The Trial of Christine Keeler (BBC, 2019)

The Beeb's flagship drama for the festive season comes with a good deal of personal, if slightly salacious interest.




Although my mother was not herself a member of the Astors' Cliveden set, she was really only one step removed, as Joy, one of her closest friends, was a fully paid-up participant and when the film Scandal was released in 1989, the last time Keeler and co were a hot topic, both women were contacted by the kind of journalist that Hugh Grant habitually disapproves of, indeed the sort that features herein as a series of stock caricatures. 

Meanwhile, my father was perhaps even closer to events as depicted, for he used to play chess with Dr Stephen Ward at his flat. Ward was then 50 and my father 35, so although it is fun to see James Norton inhabiting the innately creepy 'society osteopath', he is possibly a bit young for the role. 

This inter-marriage period in my father's life has always been a little murky and now that he is no longer with us, likely to remain so. Some people, including members of my family, adhere to the possibly apocryphal narrative that he 'dated' Christine Keeler for a while before she moved on to representatives of the British and Soviet adminstrations. 

I once tried to deftly interrogate him about this and was treated to one of his discouragingly vague denials. He did however admit to having seen Ward and Keeler together 'from the window of his office'. The trouble is that in 1960-62 I'm not sure which office he could have been referring to, and wasn't quick-off-the-mark enough then to question this little detail. 

And to make matters worse, I have surely transplanted a false memory onto this conversation, as each time I recall it, the view that springs to mind looks down onto Charing Cross Road at the Cambridge Circus end, and I have no idea why.

This was a period in which he boasted of a 'bachelor' pad in Cheyne Walk and enjoyed bromances with a coterie of sybaritic individuals who occupied mews flats. 

One of these, Belgravia antique-dealer Kenneth Sweet, would end up as best man at my parents' weddingg and was possessed of a tiger rug in the entrance of his Kinnerton Mews digs that I have never quite shifted from memory. 

He it was who intercepted a massive slab of gorgeous blue and grey granite destined for the palace of some Saudi sheikling, added appropriate legs and flogged it to my father as a dining room table. 

This is now my proudest possession, yet regretably it remains back in Blighty and I am waiting for the global economy to do another nosedive, which might allow me to import it via Santo Tomás de Castillo. 

One way or another it will end up in Guatemala, precisely because my mother never wanted it to. 

Whilst I do tend to regard the 60s as a bit over-sold, the three or so years either side of the inception of the decade do really fascinate me. Where the giant ugliness that is Centre Point now stands, there was a labyrinth of dirty old Victorian buildings (plus gaping holes left by Nazi bombs) which housed the jazz culture described in the novels of Colin MacInnes. Absolute Beginners, City of Spades etc. 

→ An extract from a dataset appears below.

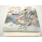 平和屋着物●爪掻き本綴れ 八寸名古屋帯 飛鶴花文 金銀糸 正絹 逸品 DABD0023op

(A fun pic of my uncle David from that very era...)




I'm almost certain that V was the only Guatemalan present on the lawn outside the Palace of Westminster on November 20, 1990 in the hours after Margaret Thatcher's resignation. 

We then witnessed a scene almost out of the Hollywood playbook, with row upon row of reporters with microphones speaking to camera in almost every language imaginable and we rubbed shoulders with our former 'Father of the House' Ken Clarke, in that moment cast very much as the villain of the piece. 

V claimed to have a personal interest in as much as her erstwhile friend and colleague, Margarita Ascencio, now of Finca Colombia fame, was then widely referred to by the apodo 'Margaret Tatcha' here in the colonial city. 

The point of this recollection is that right then, a year after Scandal's release, Harold Macmillan and his contemporaries — I do remember them speechifying during the Thatcher years — had by then vanished into the mists. 

And now, when I think about the Iron Lady and her boys, they too have disappeared into written history. If I live long enough, I may yet get to see this happen a third time. 

Keeler died a few months after my father, though she was almost a generation younger. She has now been given a sensitive re-treatment for the #metoo zeitgeist




One wonders how we Brits will remember her in 30 years' time, if at all. Perhaps we will be scouring more recent timeframes for our myths of decline.